LMDepth: Lightweight Mamba-based Monocular Depth Estimation for Real-World Deployment
- URL: http://arxiv.org/abs/2505.00980v1
- Date: Fri, 02 May 2025 04:00:03 GMT
- Title: LMDepth: Lightweight Mamba-based Monocular Depth Estimation for Real-World Deployment
- Authors: Jiahuan Long, Xin Zhou,
- Abstract summary: LMDepth is a lightweight monocular depth estimation network designed to reconstruct high-precision depth information.<n>We show that LMDepth achieves higher performance with fewer parameters and lower computational complexity.<n>We further deploy LMDepth on an embedded platform with INT8 quantization, validating its practicality for real-world edge applications.
- Score: 3.8883236454187347
- License: http://arxiv.org/licenses/nonexclusive-distrib/1.0/
- Abstract: Monocular depth estimation provides an additional depth dimension to RGB images, making it widely applicable in various fields such as virtual reality, autonomous driving and robotic navigation. However, existing depth estimation algorithms often struggle to effectively balance performance and computational efficiency, which poses challenges for deployment on resource-constrained devices.
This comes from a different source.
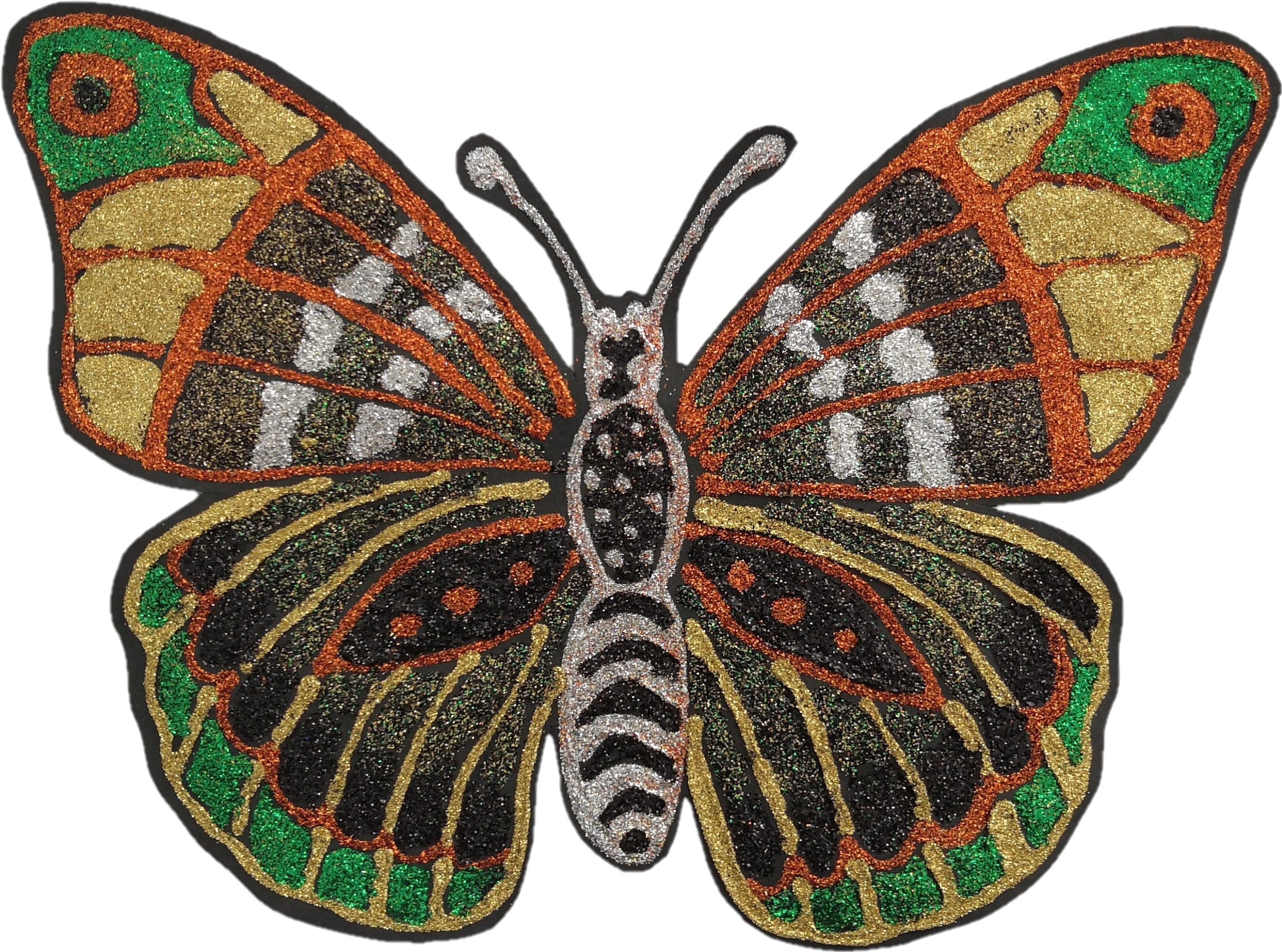 TIP: Kresba lepidlem a sypanými glitry. Stejným způsobem můžeme kreslit obrázky a načerstvě nanesené lepidlo nanášet sypané glitry nebo barevné písky. Při práci s víc než jdenou barvou glitru nebo písku obrázek vybarvujeme a následně zasypáváme glitry postupně.

To address this, we propose LMDepth, a lightweight Mamba-based monocular depth estimation network, designed to reconstruct high-precision depth information while maintaining low computational overhead. Specifically, we propose a modified pyramid spatial pooling module that serves as a multi-scale feature aggregator and context extractor, ensuring global spatial information for accurate depth estimation. Moreover, we integrate multiple depth Mamba blocks into the decoder. Designed with linear computations, the Mamba Blocks enable LMDepth to efficiently decode depth information from global features, providing a lightweight alternative to Transformer-based architectures that depend on complex attention mechanisms. Extensive experiments on the NYUDv2 and KITTI datasets demonstrate the effectiveness of our proposed LMDepth. Compared to previous lightweight depth estimation methods, LMDepth achieves higher performance with fewer parameters and lower computational complexity (measured by GFLOPs). We further deploy LMDepth on an embedded platform with INT8 quantization, validating its practicality for real-world edge applications.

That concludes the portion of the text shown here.